You see, these feminists find that their power to effect change lies in their being pro-life. In this they echo the conclusions reached by the women who first rallied American women around the standard of equality. These luminaries realized that abortion was the one "supreme violence" by means of which 19th Century society had most successfully kept women enchained. Accordingly, they set their eyes fast on ending abortion. Once they prevailed against the male lawmakers of their day on that issue, no stone would again lay unturned. Voting, equal education, workplace revolution -- all followed on the heels of this first pro-life women's movement.

One woman who has taken up the mantle of the early pro-life feminists graced our campus Tuesday evening.

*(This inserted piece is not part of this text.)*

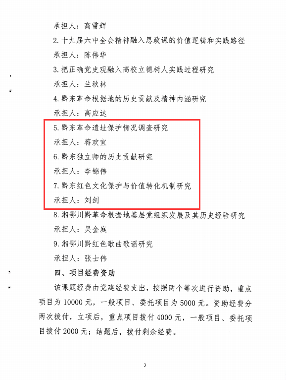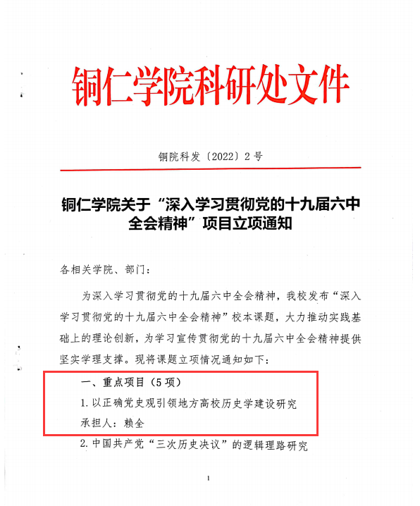 近日,学校科研处下发《美加墨世界杯官方网站关于“深入学习贯彻党的十九届六中全会精神”项目立项通知》(铜院科发[2022]2号)的文件,我院有4项课题获得立项,分别是:赖全承担的《以正确党史观引领地方高校历史学建设研究》获批为重点项目,蒋欢宜承担的《黔东革命遗址保护情况调查研究》、李锦伟承担的《黔东独立师的历史贡献研究》和刘剑承担的《黔东红色文化保护与价值转化机制研究》获批为委托项目。

As an indomitable individual, Sally Winn has long been at the forefront of securing true choices for all women. As vice-president of Feminists for Life of America, she continues to rally women around the country to demand the fullness of equality enshrined in our Constitution.

Those of us fortunate enough to listen to Ms. Winn's talk on Tuesday know how vital it is to promote a type of feminism that works. Luckily for us, our feminist forebears already discovered the path by which feminism has won its most resounding successes: Start by being pro-life. They now offer us the opportunity to follow them along this road. With it so clearly marked and its end goals so illumined, let us not fear accompanying them. Step by step, we shall build a culture of life and respect. Step by step, we shall advance women's rights. And step by step, we shall create a warm, accepting environment for student-mothers on campus. Let them come in; it's cold out there in the indifference of a Hanover clinic.

Chris Galiardo is a guest columnist.